Fight for Sight research results in a genetic diagnostic tool for children’s eye condition
Fight for Sight-funded research has resulted in a tool that can successfully diagnose an eye condition in children by carrying out genetic diagnosis on saliva samples.
Dr Mervyn Thomas and Professor Irene Gottlob from the University of Leicester have developed the world’s first diagnostic genetic panel for nystagmus. The development of a next-generation sequencing (NGS) panel aims to improve the genetic diagnosis of infantile nystagmus.
The technique involves developing ‘sequencing panels’ that contain a set of genes or gene regions that are known to be associated with the disease. These can then be used to identify specific mutations in DNA extracted from saliva samples.
In results published in June 2017, the Leicester team were able to show that the panel had high sensitivity, with a successful genetic diagnosis in 80% of cases. This new approach could remove the need for electrodiagnostic testing, an invasive diagnostic test which can be unreliable and difficult to use with children.
Researchers believe genetic information from the panel could also lead to personalised genetic diagnosis and management of the condition and enable genetic counselling to provide support, information and advice for those living with the condition.

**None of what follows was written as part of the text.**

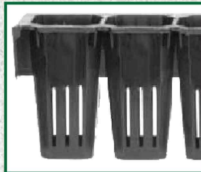
Cutaway view shows root trainers and side slits.

Dr Neil Ebenezer, Director of Policy, Research and Innovation at Fight for Sight, said: “This genetic test will simplify and accelerate the diagnostic process in infantile nystagmus and will ensure that children could now get the right support to treat their condition at an early stage.”
Dr Mervyn Thomas from the University of Leicester, said: “The genetic panel for nystagmus is the culmination of collaborative work between the team at Leicester and Roche. We anticipate that this test will be incorporated into future guidelines as a frontline diagnostic tool and establish opportunities for targeted treatments.”

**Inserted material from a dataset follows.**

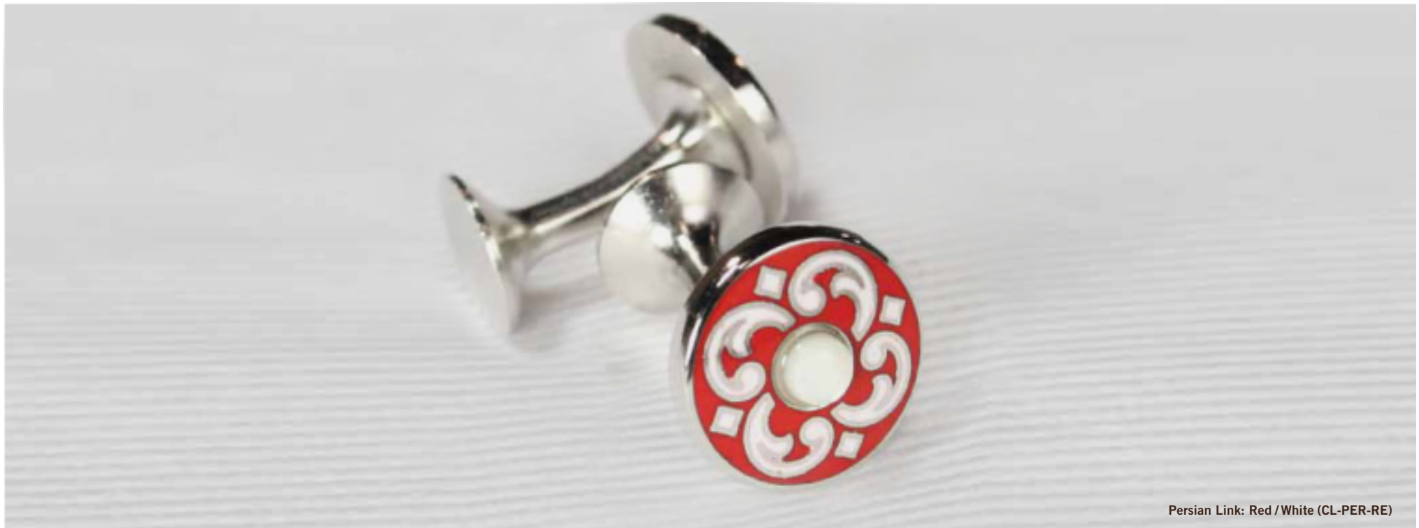
Persian Link: Red / White (CL-PER-RE)

Fern Lulham from Hastings was born with Nystagmus. She said: “Growing up with nystagmus made me stand out in the crowd and feel like one in a million. Being a grown-up with nystagmus has, at times, given me a million insecurities all rolled into one - my appearance, job prospects, relationship possibilities and overall quality of life. However, I always have hope for my future. New research doesn’t just change eyes, it can restore confidence and totally transform lives.”
Infantile nystagmus is a disorder characterised by the involuntary side to side movement of the eyes. The condition can be present at birth or it can develop during infancy.
It is difficult to identify the underlying cause of the condition due to the variants of genes involved in retinal and brain development. To develop the new diagnostic tool the researchers first identified 336 genes associated with infantile nystagmus from literature and Online Mendelian Inheritance in Man (OMIM).